A dual basis for the equivariant quantum $K$-theory of cominuscule varieties

TL;DR

This paper introduces a dual basis in equivariant quantum K-theory for cominuscule varieties, providing explicit combinatorial formulas and applications to Schubert structure constants.

Contribution

It defines a quantized ideal sheaf basis dual to the Schubert basis in equivariant quantum K-theory of cominuscule flag varieties, with explicit formulas and applications.

Findings

Explicit combinatorial formulas for quantized ideal sheaves.

Duality between quantized ideal sheaves and Schubert basis.

Application to compute Schubert structure constants.

Abstract

The equivariant quantum $K$-theory ring of a flag variety is a Frobenius algebra equipped with a perfect pairing called the quantum $K$-metric. It is known that in the classical $K$-theory ring for a given flag variety the ideal sheaf basis is dual to the Schubert basis with regard to the sheaf Euler characteristic.
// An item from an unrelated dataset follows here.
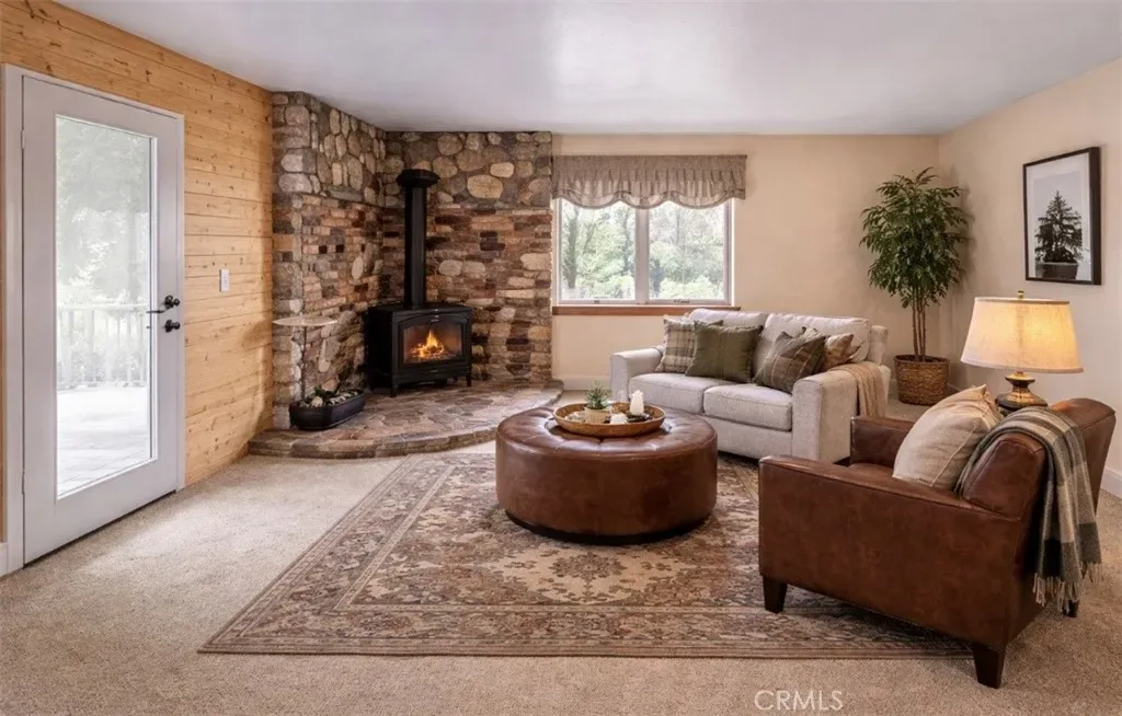 Inside, enjoy a warm and inviting layout featuring a rock fireplace, spacious living areas, and large decks ideal for relaxing or entertaining among the trees. The main level offers a welcoming living room, kitchen with quartz countertops, island with breakfast bar, walk-in pantry, and direct access to the covered wraparound deck.

We define a quantization of the ideal sheaf basis for the equivariant quantum $K$-theory of cominuscule flag varieties. These quantized ideal sheaves are then dual to the Schubert basis with regard to the quantum $K$-metric. We prove explicit type-uniform combinatorial formulae for the quantized ideal sheaves in terms of the Schubert basis for any cominuscule flag variety. We also provide an application ultilizing the quantized ideal sheaves to calculate the Schubert structure constants associated to multiplication by the top exterior power of the tautological quotient bundle in $QK_T(Gr(k,n))$.